Mike Dixon, October 1998

Overview.
---------

This document describes the design of the new DIDSS system of data
ingest and handling. It includes data servers and a data 'mapper'
process which will keep track of data availablity within a 'shared
data region'.

Shared data region.
-------------------

A shared data region is any networked region with access fast enough
for distributed access to work properly. Generally this means a 
fast LAN, such as ethernet, although slower links may be included
in the region is the performance across those links is deemed
satisfactory.

Some projects are set up in such a way that each machine is a 
shared data region. In such cases all data sets reside on each
machine which requires access to them.

Data types.
-----------

Any number of main data types may be used. For example, we might
have:

  mdv    - data in MDV format
  spdb   - data in SPDB format
  titan  - data in TITAN storm track format
  grib   - data in grib format
  etc. etc.

Server Protocols.
-----------------

The server protocols will be derived from the data types, with 'p'
appended. So using the types above we would have:

  mdvp:   MDV data server protocol
  spdbp:  SPDB data server protocol
  titanp: TITAN data server protocol

Directory structure.
--------------------

The top of the data directory tree will be defined by the environment
variable $DIDSS_DATA_DIR.

The various main data types will be stored in subdirectories of
$DIDSS_DATA_DIR. For example, you could expect to see the following
subdirectories:

  $DIDSS_DATA_DIR/mdv    - all mdv data
  $DIDSS_DATA_DIR/spdb   - all spdb data
  $DIDSS_DATA_DIR/titan  - all titan data
  $DIDSS_DATA_DIR/grib   - all grib data

etc.

The various data sets would be stored in subdirectories of these
main directories. For example:

  $DIDSS_DATA_DIR/mdv/sat/vis        - visible satellite data
  $DIDSS_DATA_DIR/mdv/radarCart      - cartesian radar data
  $DIDSS_DATA_DIR/spdb/boundaries    - colide-derived boundaries
  $DIDSS_DATA_DIR/spdb/ltg           - lightning
  $DIDSS_DATA_DIR/spdb/surface/metar - METARs
  $DIDSS_DATA_DIR/titan/tz30         - TITAN 30dBZ storm data

Putting data to disk.
---------------------

Data may be put to disk by any number of different processes.
The put function may optionally register information about the
latest data with the data mapper.

The put function may optionally have a distributed capability. In this
case the put function would contact a server to perform the put.

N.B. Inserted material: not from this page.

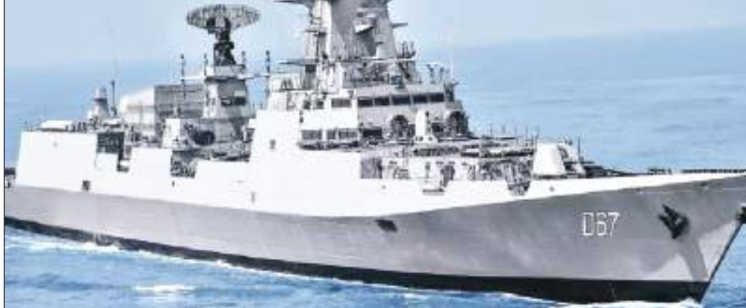
एमवी केम प्लूटो पर हुआ था ड्रोन से हमला

नेशनल मैरिटाइम एजेंसी भी नजर रख रही है: जिन तीन वॉरशिप की निगरानी के लिए लगाया गया है, उनमें आईएनएस कोच्चि, आईएनएस कोलकाता और आईएनएस मोरमुगाओ शामिल हैं। यह तीनों वॉरशिप स्ट्रीथ गार्डेट मिसाइल डिस्ट्रॉयर हैं यानी मिसाइल हमलों को नाकाम करने की क्षमता रखते हैं। ऐसे में

The put API should effectively hide the implementation, so that the
programmer server functionality, if it is implemented, is trasparent.

Getting data from disk.
-----------------------

The data may be read by any number of processes.

The get function may optionally have a distributed capability. In this
case the get function would contact a server to perform the get.

The get API should effectively hide the implementation, so that the
programmer server functionality, if it is implemented, is trasparent.

URL definition.
---------------

Data location will be specified using a URL-style address.

The URL syntax will be:

  protocol:translator:params//host:port:dir#args

The protocol and dir are required. The translator, params, host, port
and #args are optional. All delimiters except the # are required.

The optional translator, if present, defines the program to be used to
translate the data into the desired form.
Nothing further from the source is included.